#### Try it:
Below are entries with pictures among them; reproduce exactly, and only, the lines from the one containing "naufraghi avanziamo alternando" down to the one containing "以上就是耕种帮种植网对德单1", without the pictures.

#### Extracted records:
----

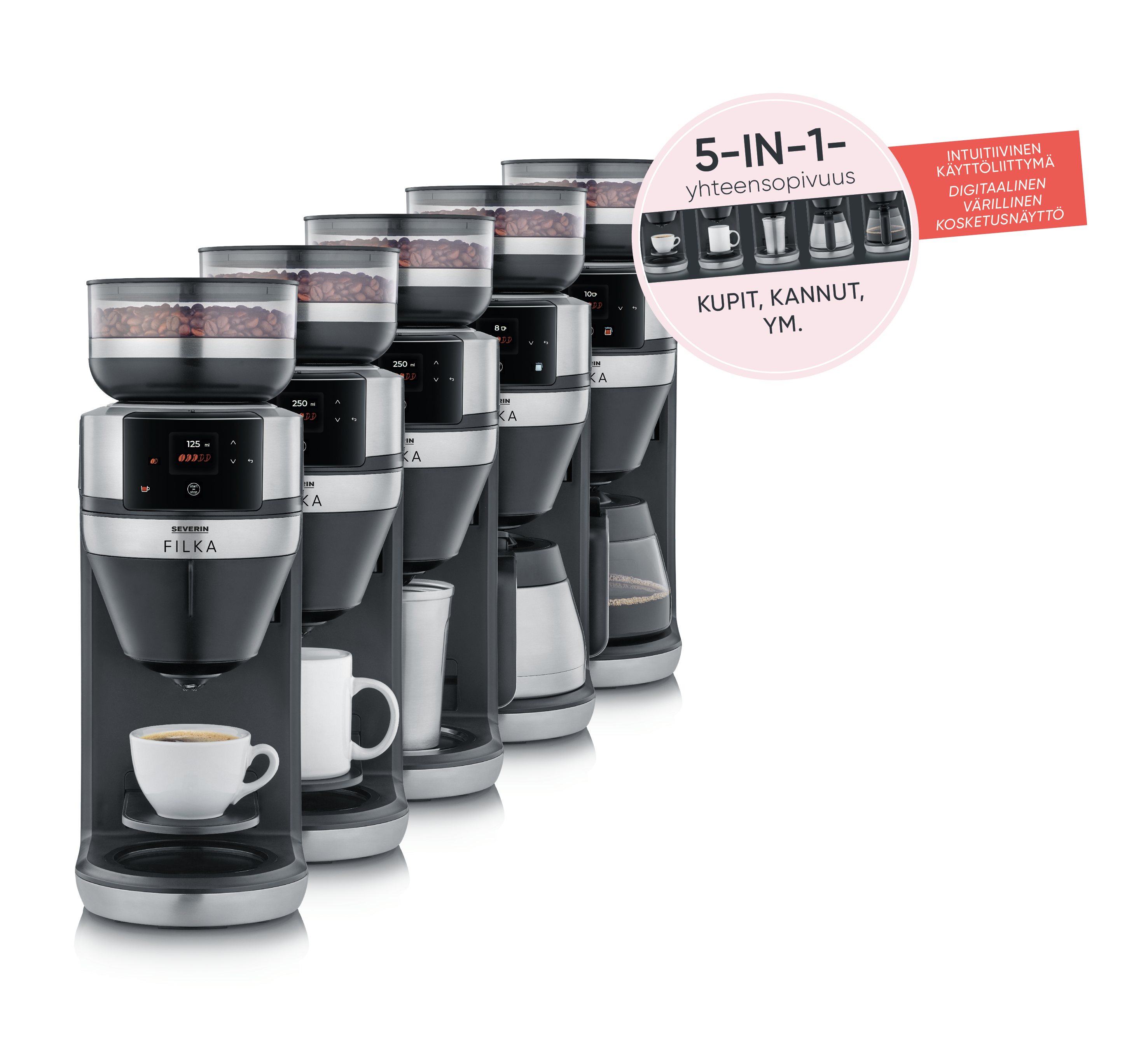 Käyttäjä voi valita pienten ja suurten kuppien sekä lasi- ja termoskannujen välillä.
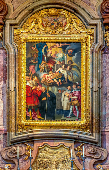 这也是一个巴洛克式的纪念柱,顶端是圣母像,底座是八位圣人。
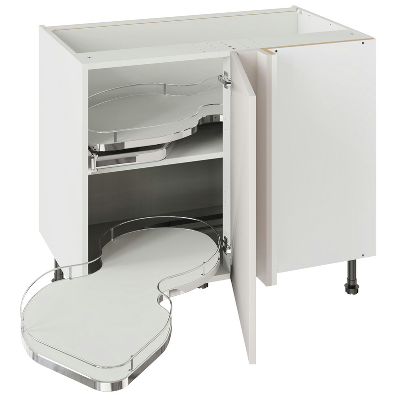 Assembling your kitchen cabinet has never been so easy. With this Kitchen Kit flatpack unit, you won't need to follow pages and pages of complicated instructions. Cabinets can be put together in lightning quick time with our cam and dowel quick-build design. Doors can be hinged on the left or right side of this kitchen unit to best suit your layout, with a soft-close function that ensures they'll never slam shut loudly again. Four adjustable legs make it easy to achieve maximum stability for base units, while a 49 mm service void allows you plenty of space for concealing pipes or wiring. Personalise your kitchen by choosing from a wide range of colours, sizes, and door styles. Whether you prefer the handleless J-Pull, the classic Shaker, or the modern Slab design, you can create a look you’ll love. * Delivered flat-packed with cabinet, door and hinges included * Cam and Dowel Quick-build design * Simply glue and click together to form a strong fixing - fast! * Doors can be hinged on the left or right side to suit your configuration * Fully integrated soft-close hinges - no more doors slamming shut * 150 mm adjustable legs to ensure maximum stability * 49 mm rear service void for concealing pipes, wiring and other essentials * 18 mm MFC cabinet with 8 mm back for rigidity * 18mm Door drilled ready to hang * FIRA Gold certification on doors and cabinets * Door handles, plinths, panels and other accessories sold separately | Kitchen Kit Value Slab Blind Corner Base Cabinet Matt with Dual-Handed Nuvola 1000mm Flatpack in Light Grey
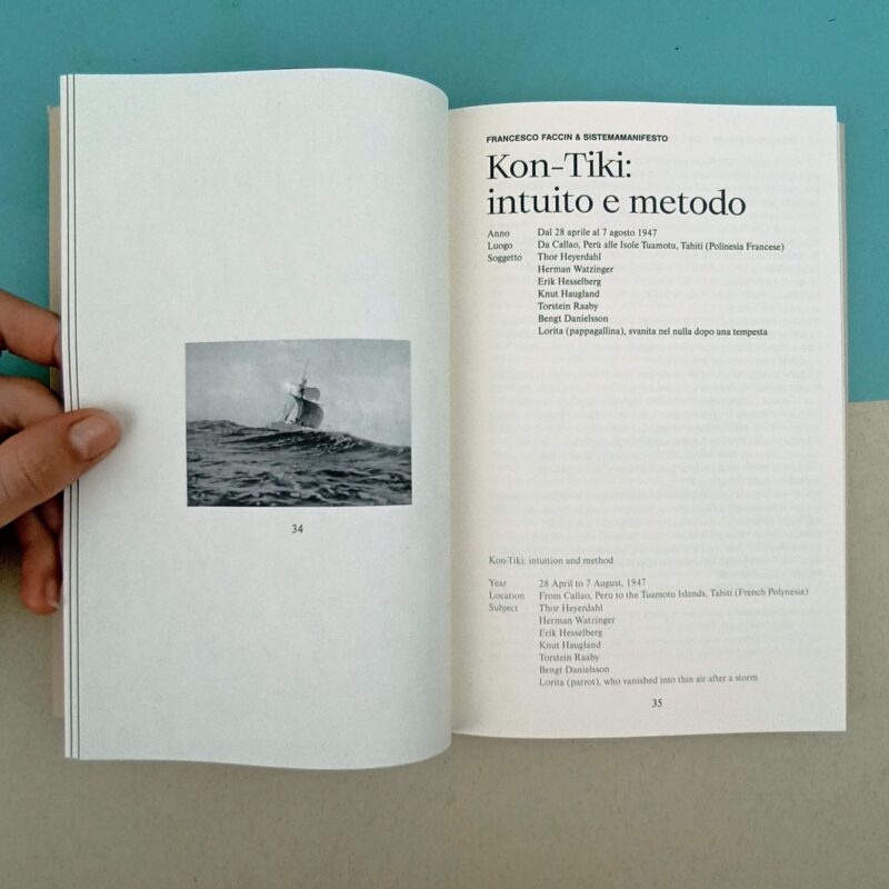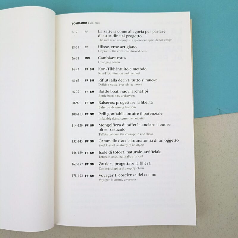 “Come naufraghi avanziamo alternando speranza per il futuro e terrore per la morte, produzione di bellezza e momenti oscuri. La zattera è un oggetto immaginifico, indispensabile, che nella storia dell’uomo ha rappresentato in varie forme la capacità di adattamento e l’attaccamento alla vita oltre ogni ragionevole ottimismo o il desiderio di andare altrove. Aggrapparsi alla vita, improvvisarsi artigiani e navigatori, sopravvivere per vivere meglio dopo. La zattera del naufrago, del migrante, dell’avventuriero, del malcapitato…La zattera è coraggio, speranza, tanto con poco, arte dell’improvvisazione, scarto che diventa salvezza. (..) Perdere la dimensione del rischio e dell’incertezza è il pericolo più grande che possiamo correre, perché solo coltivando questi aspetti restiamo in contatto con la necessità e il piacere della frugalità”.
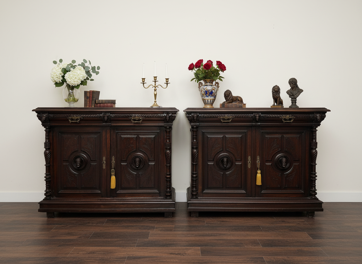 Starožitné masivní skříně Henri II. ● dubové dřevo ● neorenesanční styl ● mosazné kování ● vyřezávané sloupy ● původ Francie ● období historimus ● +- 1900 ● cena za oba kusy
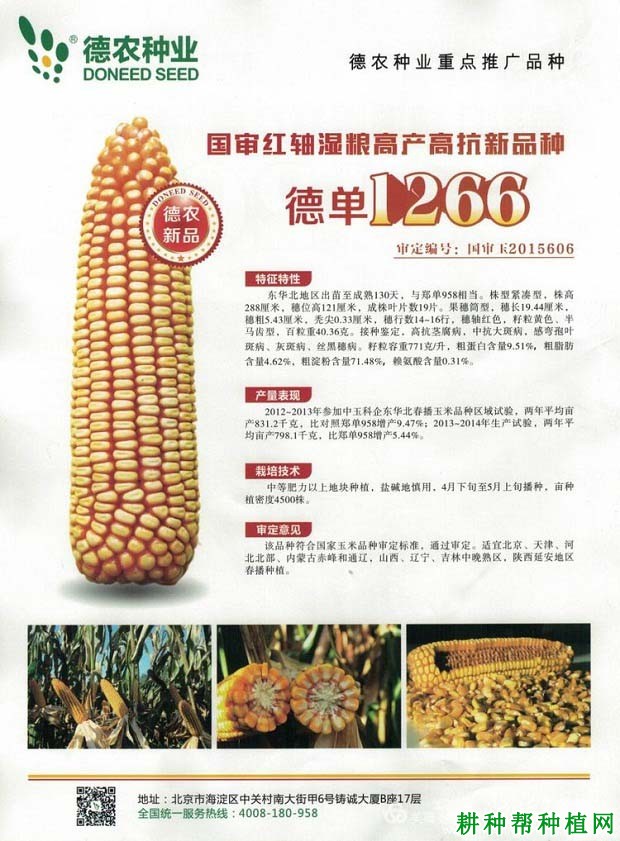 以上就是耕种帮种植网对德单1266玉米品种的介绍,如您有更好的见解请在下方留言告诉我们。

----

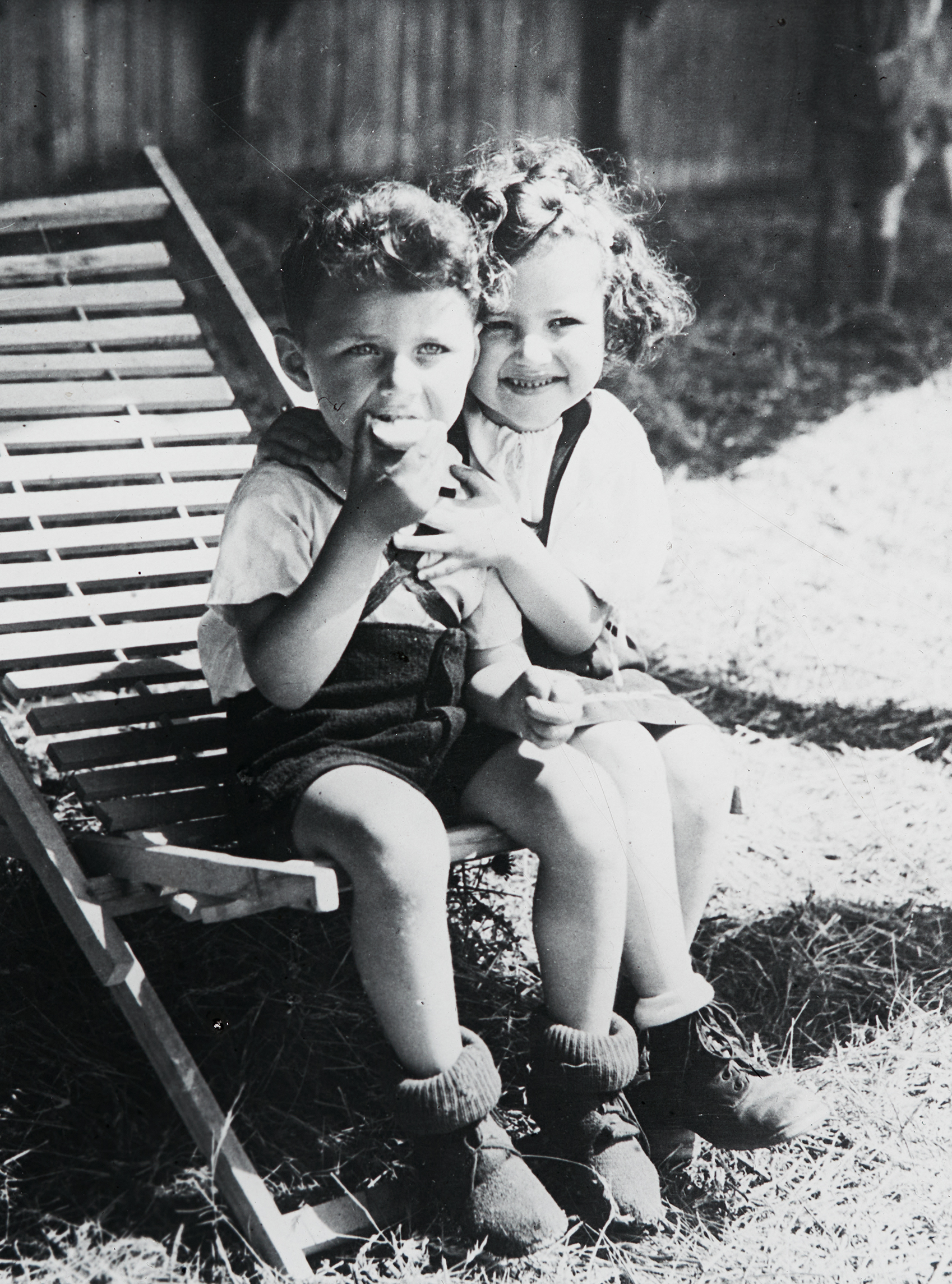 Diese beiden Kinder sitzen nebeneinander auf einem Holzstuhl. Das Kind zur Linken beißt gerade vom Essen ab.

----

#### Reply:
 “Come naufraghi avanziamo alternando speranza per il futuro e terrore per la morte, produzione di bellezza e momenti oscuri. La zattera è un oggetto immaginifico, indispensabile, che nella storia dell’uomo ha rappresentato in varie forme la capacità di adattamento e l’attaccamento alla vita oltre ogni ragionevole ottimismo o il desiderio di andare altrove. Aggrapparsi alla vita, improvvisarsi artigiani e navigatori, sopravvivere per vivere meglio dopo. La zattera del naufrago, del migrante, dell’avventuriero, del malcapitato…La zattera è coraggio, speranza, tanto con poco, arte dell’improvvisazione, scarto che diventa salvezza. (..) Perdere la dimensione del rischio e dell’incertezza è il pericolo più grande che possiamo correre, perché solo coltivando questi aspetti restiamo in contatto con la necessità e il piacere della frugalità”.
 Starožitné masivní skříně Henri II. ● dubové dřevo ● neorenesanční styl ● mosazné kování ● vyřezávané sloupy ● původ Francie ● období historimus ● +- 1900 ● cena za oba kusy
 以上就是耕种帮种植网对德单1266玉米品种的介绍,如您有更好的见解请在下方留言告诉我们。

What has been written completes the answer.